# How to complete this task
Reproduce, from the lines below, exactly the stretch that begins at the line containing "eleven plastic sewing" and ends at the line containing "Улаанбаатар хотын агаарын", both included.

# Record excerpts
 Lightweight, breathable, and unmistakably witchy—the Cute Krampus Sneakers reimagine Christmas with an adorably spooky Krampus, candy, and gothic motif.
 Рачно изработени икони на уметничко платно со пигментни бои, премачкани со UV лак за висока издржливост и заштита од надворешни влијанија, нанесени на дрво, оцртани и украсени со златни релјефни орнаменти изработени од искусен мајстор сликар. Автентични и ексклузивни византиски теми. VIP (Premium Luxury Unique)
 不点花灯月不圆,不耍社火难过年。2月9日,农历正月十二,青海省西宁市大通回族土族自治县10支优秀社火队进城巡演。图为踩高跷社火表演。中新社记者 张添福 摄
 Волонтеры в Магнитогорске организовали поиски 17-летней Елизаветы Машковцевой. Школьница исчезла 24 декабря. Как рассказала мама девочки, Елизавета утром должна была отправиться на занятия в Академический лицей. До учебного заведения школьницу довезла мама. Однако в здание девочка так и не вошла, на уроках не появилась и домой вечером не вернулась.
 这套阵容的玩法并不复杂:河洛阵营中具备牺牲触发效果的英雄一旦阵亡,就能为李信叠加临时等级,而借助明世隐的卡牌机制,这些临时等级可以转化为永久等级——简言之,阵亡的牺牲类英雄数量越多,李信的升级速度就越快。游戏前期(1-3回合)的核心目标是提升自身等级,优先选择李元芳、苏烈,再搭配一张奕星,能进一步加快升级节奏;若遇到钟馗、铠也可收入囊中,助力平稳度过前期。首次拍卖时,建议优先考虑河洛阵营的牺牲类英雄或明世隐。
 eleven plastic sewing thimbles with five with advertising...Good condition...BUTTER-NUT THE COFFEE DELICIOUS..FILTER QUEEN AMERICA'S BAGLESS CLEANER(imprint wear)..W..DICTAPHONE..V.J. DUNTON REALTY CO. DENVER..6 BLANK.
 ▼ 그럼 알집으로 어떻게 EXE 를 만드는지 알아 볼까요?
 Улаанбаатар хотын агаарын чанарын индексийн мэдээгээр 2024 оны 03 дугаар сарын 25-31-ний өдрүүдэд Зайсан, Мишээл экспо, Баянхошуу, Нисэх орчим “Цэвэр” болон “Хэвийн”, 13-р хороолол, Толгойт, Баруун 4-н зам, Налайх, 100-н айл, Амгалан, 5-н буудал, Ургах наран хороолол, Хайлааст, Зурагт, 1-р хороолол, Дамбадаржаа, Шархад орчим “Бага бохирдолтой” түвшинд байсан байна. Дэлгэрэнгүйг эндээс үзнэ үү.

...

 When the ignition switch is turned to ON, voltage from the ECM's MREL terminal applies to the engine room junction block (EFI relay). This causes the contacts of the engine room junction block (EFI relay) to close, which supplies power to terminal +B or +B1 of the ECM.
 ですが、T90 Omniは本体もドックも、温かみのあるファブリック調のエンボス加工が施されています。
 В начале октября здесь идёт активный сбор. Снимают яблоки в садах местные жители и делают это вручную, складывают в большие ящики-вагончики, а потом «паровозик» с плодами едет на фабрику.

# Output for this exercise
 eleven plastic sewing thimbles with five with advertising...Good condition...BUTTER-NUT THE COFFEE DELICIOUS..FILTER QUEEN AMERICA'S BAGLESS CLEANER(imprint wear)..W..DICTAPHONE..V.J. DUNTON REALTY CO. DENVER..6 BLANK.
 ▼ 그럼 알집으로 어떻게 EXE 를 만드는지 알아 볼까요?
 Улаанбаатар хотын агаарын чанарын индексийн мэдээгээр 2024 оны 03 дугаар сарын 25-31-ний өдрүүдэд Зайсан, Мишээл экспо, Баянхошуу, Нисэх орчим “Цэвэр” болон “Хэвийн”, 13-р хороолол, Толгойт, Баруун 4-н зам, Налайх, 100-н айл, Амгалан, 5-н буудал, Ургах наран хороолол, Хайлааст, Зурагт, 1-р хороолол, Дамбадаржаа, Шархад орчим “Бага бохирдолтой” түвшинд байсан байна. Дэлгэрэнгүйг эндээс үзнэ үү.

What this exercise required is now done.